# Specific 3D Printers, Scanners, & Hardware > Other 3D Printers / Scanners / Hardware > 3DMonstr Forum >  Ship Date?

## JamesTuthill

What's the ship date on the 3DMonstr if it was ordered on Kickstarter?  Also are you taking orders for printers (non KS backers)?

----------


## RedSox2013

James, according to the Kickstarter projects, the delivery date for the printers is May of this year.  A few more months  :Smile:   I have not seen any indication of a delay.

----------


## 3dm

Hi, James,

RedSox is right (thanks for responding, RedSox) - we're planning to deliver the first batch (entirely devoted to the KS Backers) in late May. At the moment, we're still on target to do so.
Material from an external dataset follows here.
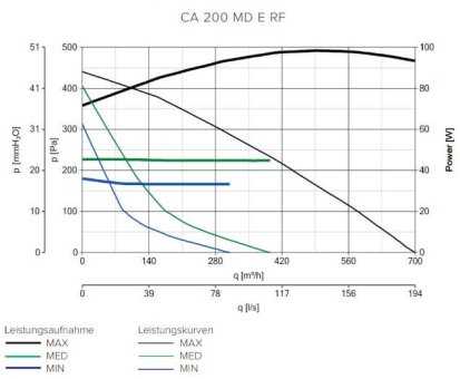 - Nennweite: Der CA 200 MD E RF hat eine Nennweite von 200 mm, während andere Varianten wie der CA 100 MD E RF eine Nennweite von 100 mm haben.

Re: post-KS orders: yes, we're taking pre-orders for the second batch, currently scheduled for late May, early June. Please contact me directly for a price quote. To save on turn-around time, please let me know which model you're interested in (-12, -18, or -24) and how many extruders you will need day-1 (2, 3, or 4). Also, please let me know the address you'd like us to use for the shipping estimate.

Thank you,

Ben.

----------


## Eddie

I had the chance to meet with Ben at the Inside 3D Printing Conference.  I believe he said that pre-orders will now be shipping in June or July.  BTW, the printer looks awesome.

----------